The point is however that had they applied Ran Min's extermination order with say, Han-Xiongnu War logistics, on balance millions of civilian lives would have been saved.

Oh yes, the glorious nationalistic salt production figures (provided by Westerners), but those are a mere prelude to the even grander hypernationalist statistics such as yearly tin production during the late Song

Since you already admitted you don't know anything about Chinese history...

http://en.wikipedia.org/wiki/Ran_Min

That account, along with genetic evidence (Northern Chinese gene pool showing next to no traces of speculated Five Hu admixture) corroborate each other

You might want to check the source of your information a bit. I am going to try to stay out of this China history after this post on this particular thread as this thread was supposedly about Mongols and Korean. You are fairly coherent and better than some Korean posters, but you might want to read the sources a bit.

The English version of the wiki you cited did not protray RanMin in the same way as you did. Specifically, I avoided RanMin's website on purpose as I think it could be biased, just like the Korean exampls using obvious Korean bias websites, etc.

I looked up ZiZhi Tongjian, a source that I trust. I never read the whole work as it's too big and semi-classical Chinese is not that easy for me under time constraint.

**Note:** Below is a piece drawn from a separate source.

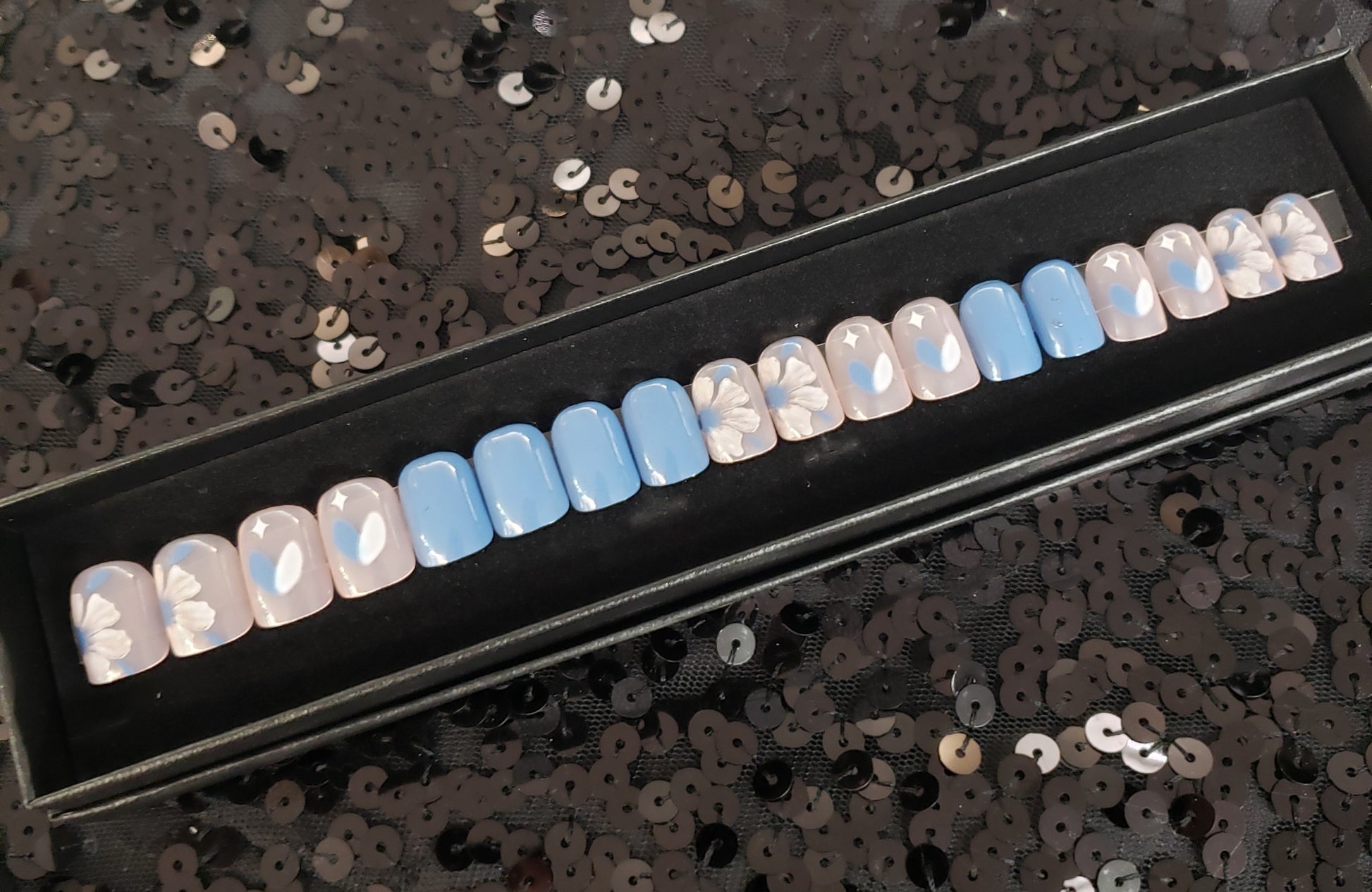 Nails are packaged in a black gift box and include:

I read book 98 and book 99 of ZhiZhi Tongjian, where RanMin was mentioned in those 2 books. It seems to me, RanMin's original edict was simpler and probably more self-motivating. I apologize for non-Chinese readers for the following quote as I need to quote in Chinese to make my point."

from ZiZhiTongjian said:
于是趙人百里內悉入城,胡、羯去者填門。閔知胡之不爲己用,班令內外:“趙人斬一胡首送鳳陽門者,文官進位三等,武官悉拜牙門。” 一日之中,斬首數萬。閔親帥趙人以誅胡、羯,無貴賤、男女、少長皆斬之,死者二十餘萬,尸諸城外,悉爲野犬豺狼所食。其屯戍四方者,閔皆以書命趙人爲將帥 者誅之,或高鼻多須濫死者半。
As far as I understand, RanMin aka ShiMin knows those "barbarian/hu" won't submit to his rule, he asked people of "Zhou" aka Chinese to kill all those barbarians. Min lead people of Zhou himself in extermination of barbarians, regardless of barbarian's social status, male or female, young or old, all killed, over 200,000 killed." I did not see mentioning of how the barbarian were afraid of exterminating "Chinese" afterwards, can you point me to passages from ZhiZhiTongjian or perhaps from sixteen country "spring autumn" book, along with reference so I can look them up easier?

As far as I know, "barbarians" continue to massacre Chinese later on. The Mongols tried to exterminate probably about 20% of the Chinese population until non-Mongolian in power pointed out to them a lot of Chinese are serving under Mongol rule and that edict will kill a lot of Chinese serving the Mongols and the edict was repealed. Alas, a lot of Chinese have perished already as far as I know.